Bush Campaign Merchandise Made in Burma
His campaign store sells a pullover from nation whose products he has banned from being sold in the U.S.
BY LAUREN WEBER
March 18, 2004, 9:49 PM EST
The official merchandise Web site for President George W. Bush's re-election campaign has sold clothing made in Burma, whose goods were banned by Bush from the U.S. last year to punish its military dictatorship.
The merchandise sold on www.georgewbushstore.com includes a $49.95 fleece pullover, embroidered with the Bush-Cheney '04 logo and bearing a label stating it was made in Burma, now Myanmar. The jacket was sent to Newsday as part of an order that included a shirt made in Mexico and a hat not bearing a country-of-origin label.
The Bush merchandise is handled by Spalding Group, a 20-year-old supplier of campaign products and services in Louisville, Ky., that says it worked for the last five Republican presidential nominees.
Ted Jackson, Spalding's president, said, "We have found only one other in our inventory that was made in Burma. The others were made in the U.S.A." He said the company had about 60 of thefleece pullovers in its warehouse, and that a supplier included the Burma product by mistake.
Bush campaign officials did not return calls seeking comment. The imports are potentially an issue because outsourcing has become a hot political topic in the election.
Bush last July signed into law the Burmese Freedom and Democracy Act, saying "The United States will not waver from its commitment to the cause of democracy and human rights in Burma."
Violators of the import ban are subject to fines and jail, according to the U.S. Treasury Department.
Burmese textile workers earn as little as 7 cents per hour, according to the National Labor Committee, a human rights group.
"If it is true, it is very contradictory because the sanctions were imposed by the Bush administration," said Bo Hla-Tint, a spokesman for the Burmese government-in-exile in Washington, D.C.
Spalding, which works exclusively with Republican candidates at both local and national levels, tries to order American-made products, Jackson said. "Our first effort is always to source things from the U.S., but not a lot of garments are made in the U.S. Friday," he said. He said all embroidery is done in the United States.
The Bush-Cheney fleece pullovers were imported to the United States by Denver-based Colorado Trading & Clothing. President Jeff Schmitt said Thursday the pullovers were included in one of the last shipments brought in from Burma last year before Sept. 1, when the import ban went into effect. "It's a terrible irony" that the Burmese jacket landed at Newsday, he said.
Schmitt said Colorado Trading employs an agent in Asia who conducts checks of factory conditions.
Human rights watcher Charles Kernaghan, director of the National Labor Committee, said the slip-up showed a lack of conviction on the administration's part. "Given the debate about outsourcing, it's amazing that the campaign would be selling stuff made in the most brutal country on earth, known for things like child labor and sexual slavery," he said. "It shows a crude indifference to this issue."

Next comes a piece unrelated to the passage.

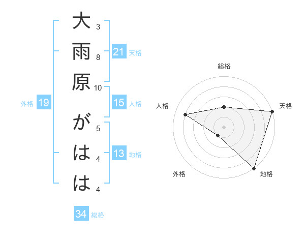 大雨原 がははさんを姓名の画数から五運を鑑定

The National Basketball Association recently vowed to stop selling Burmese-made sweatshirts after a campaign by the NLC.
Last week, Newsday ordered a hat, T-shirt and fleece pullover or jacket from both the Bush and Kerry campaign stores. The Bush merchandise - which totaled $81.85 - arrived this week. The Kerry products, worth $62, have yet to arrive because the fleece jacket was on back order, according to Financial Innovations, the company that licenses and sells Kerry merchandise on the Web site www.kerrygear.com.
The campaigns receive no profits from the merchandise because of federal election regulations.
The Kerry merchandise was made in the United States, according to Mark Weiner, the president of Financial Innovations. The company, whose employees belong to the Communications Workers of America Union, sources most of its merchandise from union factories.
"It's becoming more difficult to find American-made union product, especially in textiles, but you just have to look. We pay more money for them, so we make a smaller profit margin," said Paul McConnell, Financial Innovations' vice president.